When all eyes turned to Mai, she shrugged. "I knew we weren't your only appointment at sunrise," Mai said to Aang, deadpan. "Wondered if maybe you'd decided to stay and get married instead." Sokka couldn't tell if she was joking or not-he still didn't have a good read on the terrifying, yet perpetually bored girl-in-black.

"Yeah, glad I'm not doing that right now…" Aang laughed awkwardly, rubbing the back of his neck again. "Thanks for waiting for me, Mai."

"I would have left you," Mai said dryly. "But then I would have had to explain to everyone at base why I'd come back with two unsanctioned rescues while the one I was sent to retrieve wasn't with me. I just didn't want to have to deal with that kind of drama," she finished with a sigh.

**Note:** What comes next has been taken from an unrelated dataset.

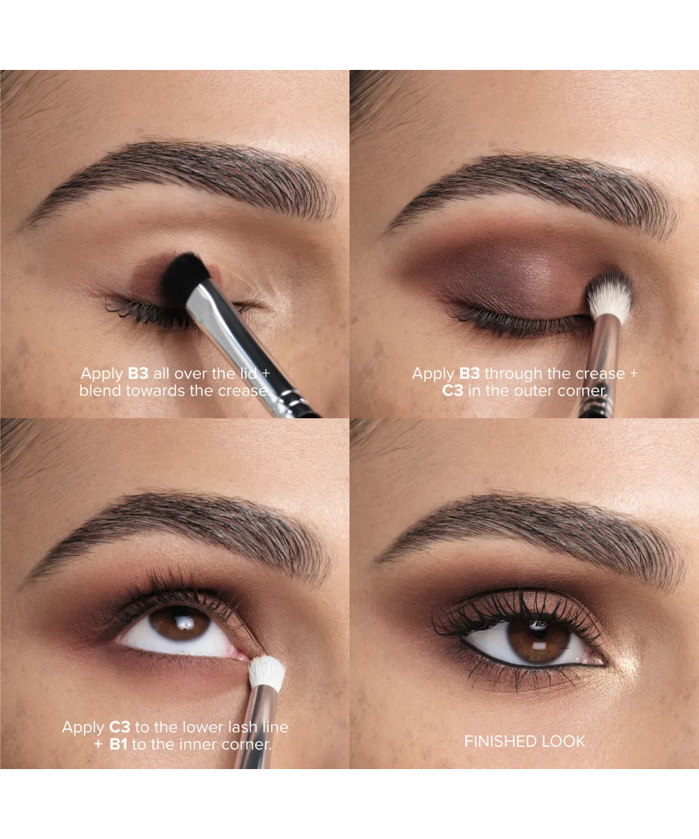 - Use firm, dense brushes to deposit product and fluffy brushes to diffuse and blend.

Aang chuckled and cleared his throat awkwardly. "I wouldn't want to inconvenience you like that, Mai."

"You always inconvenience me, Aang." Mai sighed, but Sokka sensed a hint of tease underneath her outward annoyance.

Aang turned to Sokka. "I really am glad to see you. When we left Caldera City, there were some explosions. It looked like they came from the Research & Development Department… I'd just hoped you'd gotten out before then."

"Oh that," Sokka said with a pish, trying for nonchalance while feeling a wonderful vindictive satisfaction knowing that his bombs had worked. "That was just my parting gift to the R&D department."

"What?!" Katara asked nonplussed.

"If you think I hadn't been planning ways to blow that place up since I got there then you're missing a few screws," Sokka said defensively. Then changing to a joking tone, "I'm just glad to hear it went off as I'd planned!"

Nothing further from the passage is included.